A peine entrés dans l’exposition, nous sommes déjà submergés par une vague impressionnante de tissus colorés, plastique ou polyester. Il s’agit des « Algues« , « North Tiles« , « Twigs » et « Clouds », trônant majestueusement dans la nef principale. Ces quelques unes de leurs oeuvres monumentales, approchant la micro-architecture tant leurs dimensions sont grandes, nous impressionnent par leur association. Le ton est donné: le reste de l’exposition nous immergera complètement dans le travail des frères Bouroullec.

Bouroullec R. et Er. & Musée des Arts décoratifs de Paris, Exposition "Momentanée", Entrée, © Architecture Interieure Cree, (83,87x128,05 mm.).

Bouroullec R. et Er. & Musée des Arts décoratifs de Paris, Exposition « Momentanée », Entrée, © Architecture Interieure Cree, (83,87×128,05 mm.).

Les murs de salle qui suit, dans le transept, sont entièrement occupés par des centaines de croquis des frères Bouroullec. On découvre des dessins au stylo, pastel, crayon, étonnement bruts. On repère certains traits, que toute autre personne aurait certainement du mal à concevoir, mais qui recueillent une idée, un concept que les frères Bouroullec feront souvent passer du papier à l’état matériel.

Bouroullec R. et Er., Croquis de l'exposition momentanée, nef secondaire, salle des croquis, © Bouroullec, (209,81x145,25 mm.).

Bouroullec R. et Er., Maquette de l’exposition « Momentanée », nef secondaire, salle des croquis, © Bouroullec, (209,81×145,25 mm.).

La longueur entière de la salle, ou presque, est occupée par une série de bureaux, instaurant une ambiance bureaucratique assez étonnante au sein d’une exposition. L’ensemble aurait pu être froid si le mobilier n’avait pas été conçu pour laisser à l’individu une part d’intimité. Ainsi, chaque bureau, qu’il s’agisse des « Workbay » crées pour Vitra en 2013, poussant particulièrement le côté « sphère intimiste » au sein de l’espace de travail, ou bien les « Corktable », assure une dimension semi-privée à l’utilisateur.
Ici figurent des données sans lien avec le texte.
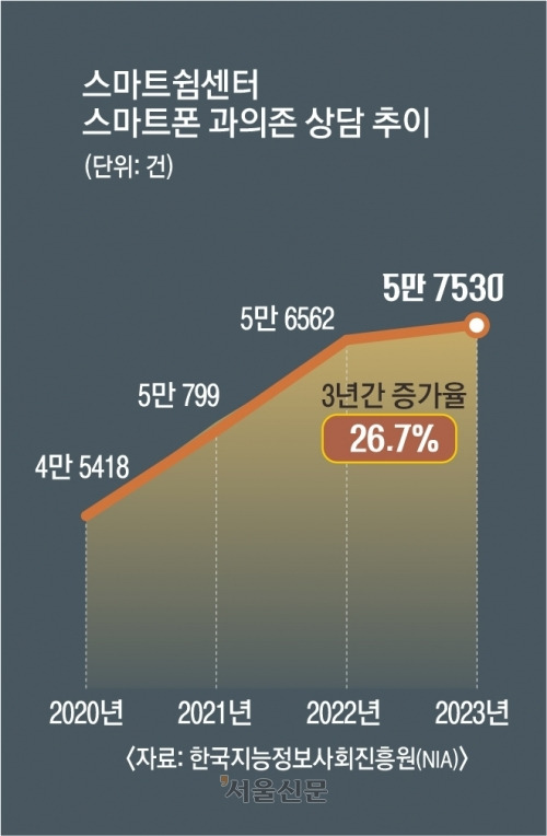 30ÀÏ ¼¿ï½Å¹®ÀÌ Á¤º¸°ø°³ û±¸¸¦ ÅëÇØ Çѱ¹Áö´ÉÁ¤º¸»çȸÁøÈï¿ø(NIA)À¸·ÎºÎÅÍ ¹ÞÀº ÀڷḦ º¸¸é ½º¸¶Æ®Æù¡¤ÀÎÅÍ³Ý °úÀÇÁ¸¿¡ ´ëÇØ »ó´ãÀ» ¹ÞÀ» ¼ö ÀÖ´Â Àü±¹ ¡®½º¸¶Æ®½°¼¾ÅÍ¡¯ÀÇ »ó´ã °Ç¼ö´Â Áö³ÇØ 5¸¸ 7530°ÇÀ̾ú´Ù. 2020³â(4¸¸ 5418°Ç)º¸´Ù ½º¸¶Æ®Æù °úÀÇÁ¸¿¡¼ ¹þ¾î³ª±â À§ÇØ µµ¿òÀÌ ÇÊ¿äÇÑ ÀοøÀÌ 1¸¸ 2112¸í(26.7%) Áõ°¡Çß´Ù.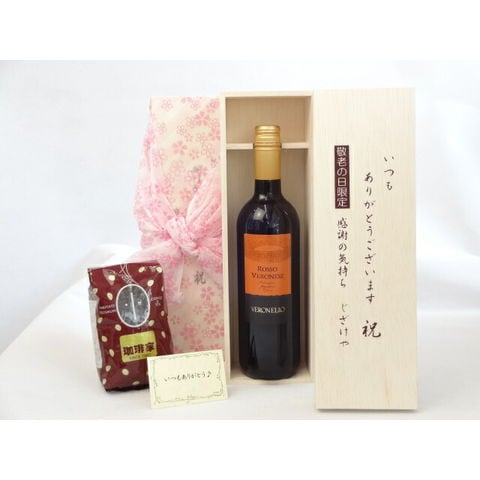じいじの敬老の日 ギフトセット ワインセット いつもありがとうございます感謝の気持ち木箱セット+オススメ珈琲豆(特注ブレンド200g)( ヴェロネッロ ロッソ 赤ワイン750ml)メッセージカード付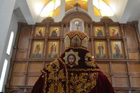 Его Преосвященству сослужили настоятель Владимирского собора протоиерей Алексей Зайцев, клирик Свято-Воскресенского собора иерей Георгий Дворовой.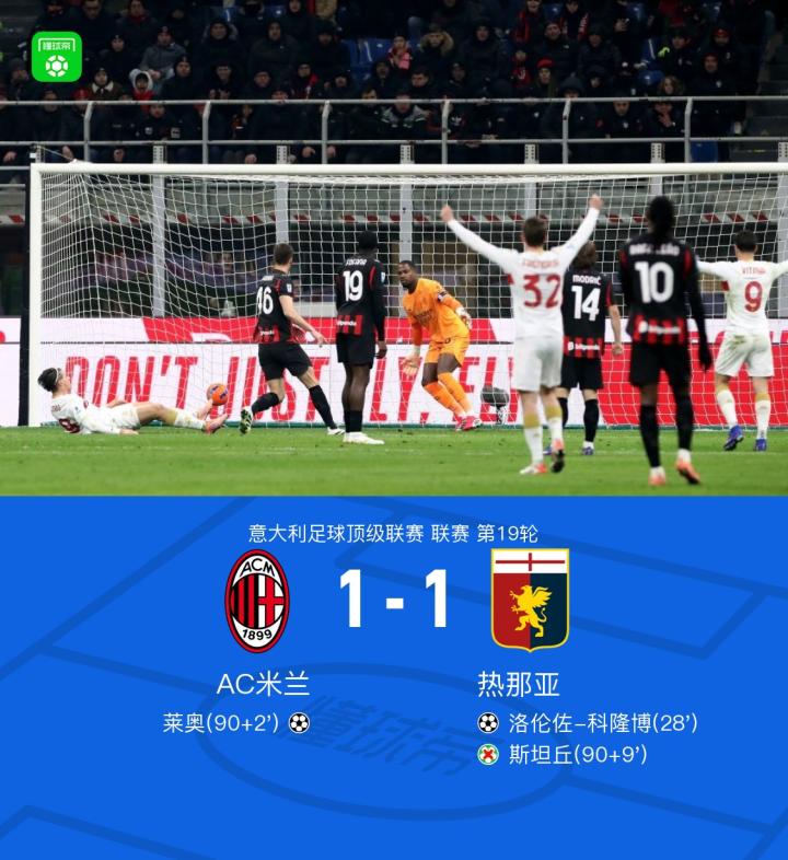 北京时间1月9日,意大利足球顶级联赛第19轮,AC米兰坐镇主场迎战热那亚。上半场,科隆博弑旧主,福法纳面对空门离奇滑倒。下半场补时阶段,莱奥头槌扳平比分。读秒阶段,热那亚获得点球,但是斯坦丘罚失。全场比赛结束,米兰1-1热那亚。

Sur quelques uns des bureaux sont posées des lampes de chevet à la lueur douce, accompagnant la lecture du catalogue d’exposition, disposé sur les tables.

Nous avançons un peu plus et tombons sur une vidéo, projetée sur l’un des murs. Plutôt que d’être installée dans une salle sombre, comme c’est souvent le cas dans de nombreuses expositions; la projection se situe dans la nef éclairée par les gigantesques fenêtres donnant sur le jardin des Tuileries. Des chaises, dont la « Vegetal Chair » (2008) ou la « Osso Chair » (2011) sont installées en face de l’écran, invitant le visiteur à s’asseoir. La vidéo explique le processus de création des frères Bouroullec, la manière dont ils mènent à bien leurs projets, du croquis à la réalisation matérielle en passant par les maquettes et expérimentations.
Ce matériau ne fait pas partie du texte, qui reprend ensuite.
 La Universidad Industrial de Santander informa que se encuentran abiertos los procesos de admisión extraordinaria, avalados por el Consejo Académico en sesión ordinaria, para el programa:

Nous entrons ensuite une nouvelle fois dans la nef principale, dont la longueur était séparée par un immense rideau d’Algues. Au centre se trouve une grande plateforme, sorte de gigantesque matelas aux couleurs reposantes, du blanc, gris, vert ou du bleu, véritable invitation au repos. Il s’agit du « Textile Field » crée en 2011 à l’occasion du London Design Festival. D’ailleurs, les visiteurs n’hésitent pas à retirer leurs chaussures et à monter dessus, s’asseyant ou s’allongeant le temps d’un petit moment de ressource.

Bouroullec R. et Er., "Textile Field", 2011, mousse et tissus colorés, dim. inconnues,  © Studio Bouroullec & V&A Images, Victoria and Albert Museum, (211,67x141,02 mm.).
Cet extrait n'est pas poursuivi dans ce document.